Action item
The needed output is the run of lines below from the one containing "隐匿性阴茎是指阴茎发育正常但" through the one containing "2020年12月4日在國際會", copied exactly and free of pictures.

Data for review
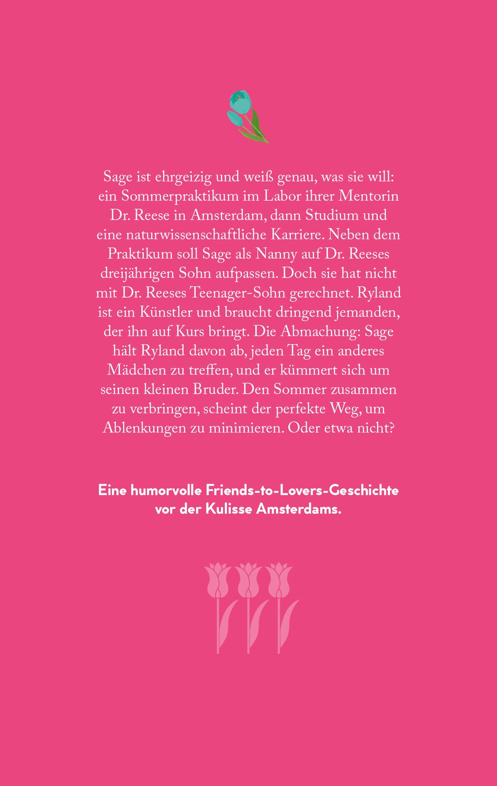 Sage ist ehrgeizig und sie weiß genau, was sie will. Ihr Ziel: ein Sommerpraktikum im Labor ihrer Mentorin Dr. Reese in Amsterdam, dann Studium, dann eine naturwissenschaftliche Karriere. Neben dem Praktikum soll Sage in Amsterdam als Nanny auf Dr. Reeses 3-jährigen Sohn aufpassen. Aber sie hat nicht mit Dr. Reeses Teenager-Sohn gerechnet. Ryland ist ein Künstler und er braucht dringend jemanden, der ihn auf Kurs bringt. Die beiden treffen eine Abmachung: Sage soll Ryland davon abhalten, jeden Tag mit einem anderen Mädchen auszugehen, und Ryland soll sich um seinen kleinen Bruder kümmern. Den ganzen Sommer zusammen zu verbringen, ist der perfekte Weg, um die Ablenkungen auf ein Minimum zu reduzieren. Oder etwa nicht?
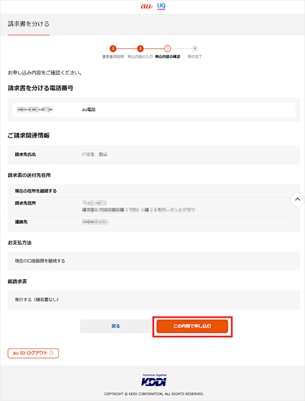 請求書の送付先住所/お支払方法/紙請求書(有料)の発行有無をそれぞれ選択し、[次に進む]をタップします。
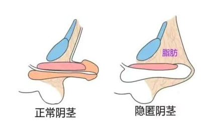 隐匿性阴茎是指阴茎发育正常但隐藏于耻骨脂肪垫下,阴茎外观短小的一类疾病,其存在以下一些特点:①阴茎外观短小②包皮呈“鸟嘴状”或“山丘状”③阴茎皮肤短缺和分布不均④挤压阴茎根部耻骨前脂肪,阴茎可伸出,但一放松阴茎又缩回⑤阴茎角呈钝角。
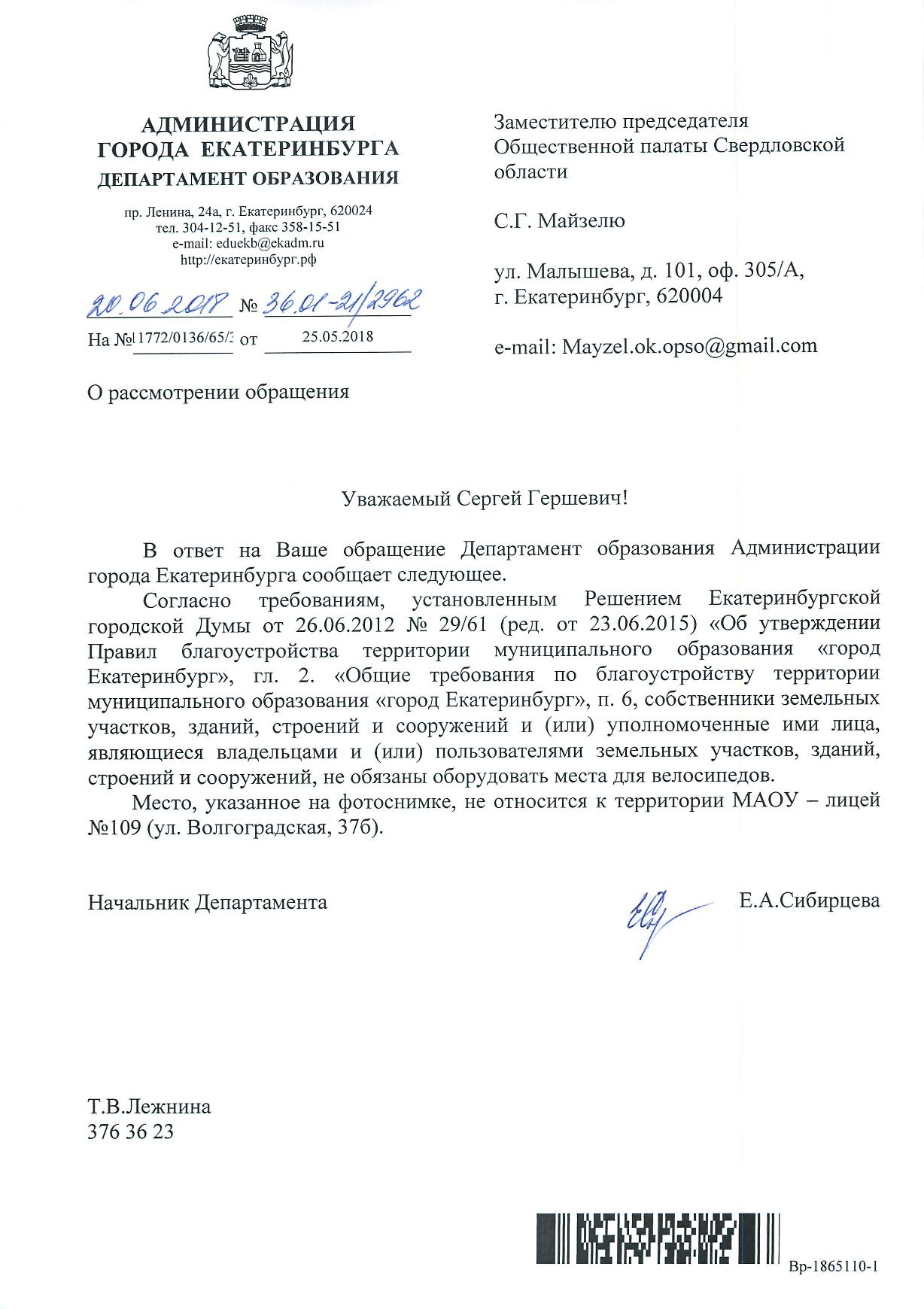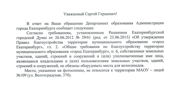 Номер жалобы:36222 Тип жалобы:Иные проблемы ЖКХ Название объекта:Школа 109 Регион:Свердловская область Город:Екатеринбург Адрес:ул. Волгоградская, 37Б Описание жалобы:На территории школы не оборудовано место для велосипедов Статус:
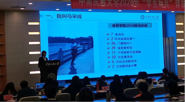 2020年12月4日在國際會議交流中心舉辦了中南民族大學2020年“學生標兵”評審答辯會,體育學院2018級學生馬宋成榮獲才能突出獎。
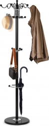 Elegantní stojanový věšák ModernHome je ideální do předsíně, kanceláře i šatny. Nabízí stabilní kovovou konstrukci, těžkou kamennou základnu pro jistotu bez převrácení, celkem 16 háčků pro kabáty, tašky i dětské bundy a praktickou spirálu na deštníky. Moderní design skvěle doplní každý interiér.
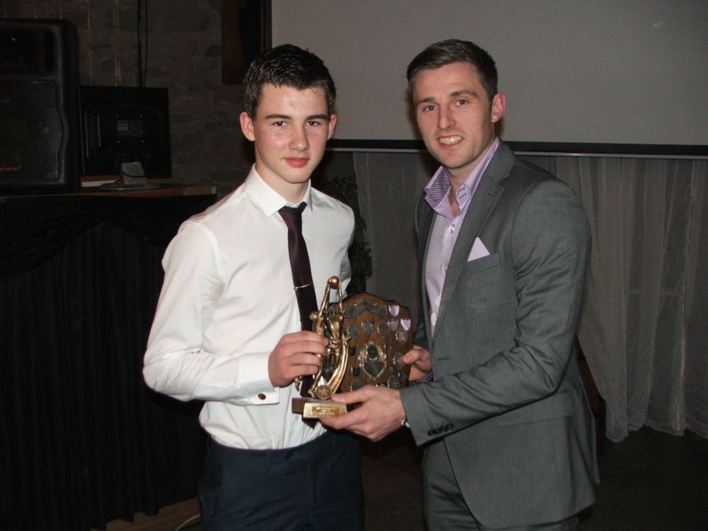 Conor McGee receives U16 POTY from Shane McGrath
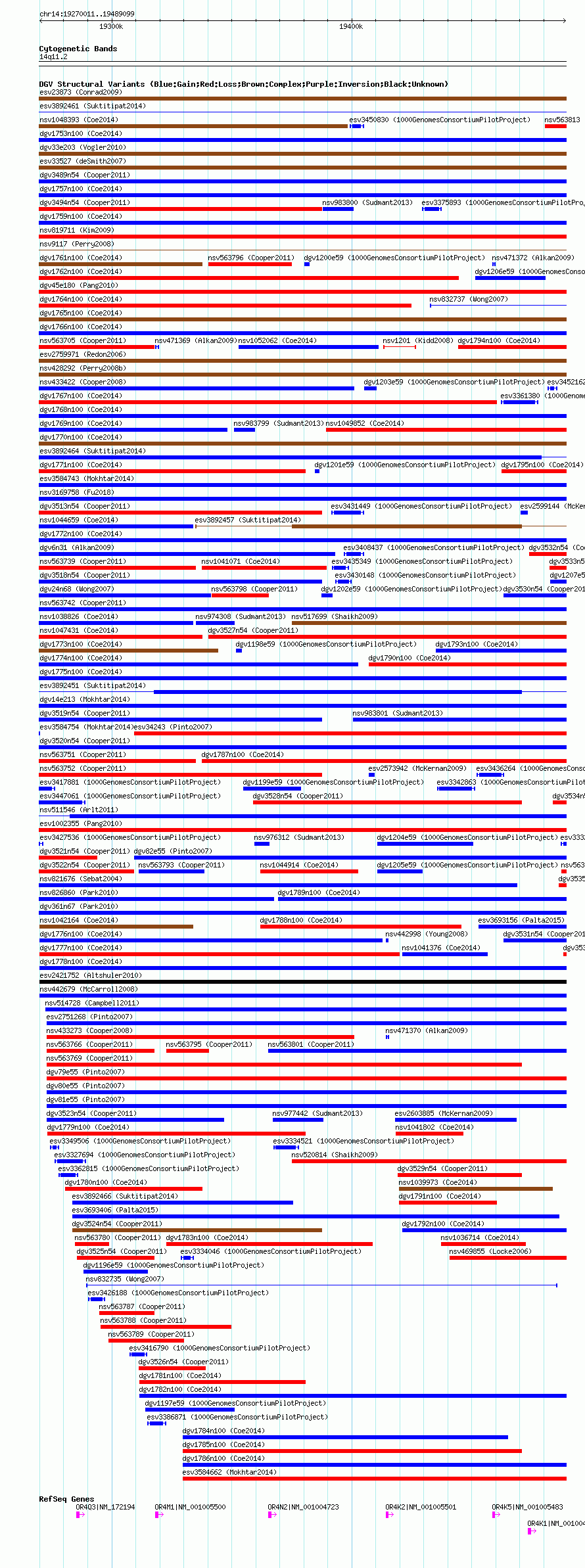 Variant DetailsVariant: nsv1047940| Internal ID | 19137159 | | Landmark | | | Location Information | | | Cytoband | 14q11.2 | | Allele length | | Assembly | Allele length | | hg38 | 219089 | | hg19 | 219089 | | hg18 | 219089 |
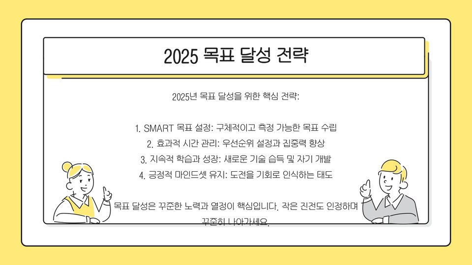 2025년이 다가오면서 다가오는 목표들은 물론이고, 목표를 달성하기 위한 전략이 중요합니다. 목표가 멀어 보일지라도, 올바른 계획과 지속적인 점검, 동기 부여가 함께한다면 흔들림 없이 나아갈 수 있습니다. 목표 달성을 위한 길은 험난할 수 있지만, 과정 속에서 얻는 경험들은 더할 나위 없는 자산이 될 것입니다. 따라서 개인의 목표를 향해 끈기 있게 나아가기를 바랍니다.

Solution for this exercise
 隐匿性阴茎是指阴茎发育正常但隐藏于耻骨脂肪垫下,阴茎外观短小的一类疾病,其存在以下一些特点:①阴茎外观短小②包皮呈“鸟嘴状”或“山丘状”③阴茎皮肤短缺和分布不均④挤压阴茎根部耻骨前脂肪,阴茎可伸出,但一放松阴茎又缩回⑤阴茎角呈钝角。
 Номер жалобы:36222 Тип жалобы:Иные проблемы ЖКХ Название объекта:Школа 109 Регион:Свердловская область Город:Екатеринбург Адрес:ул. Волгоградская, 37Б Описание жалобы:На территории школы не оборудовано место для велосипедов Статус:
 2020年12月4日在國際會議交流中心舉辦了中南民族大學2020年“學生標兵”評審答辯會,體育學院2018級學生馬宋成榮獲才能突出獎。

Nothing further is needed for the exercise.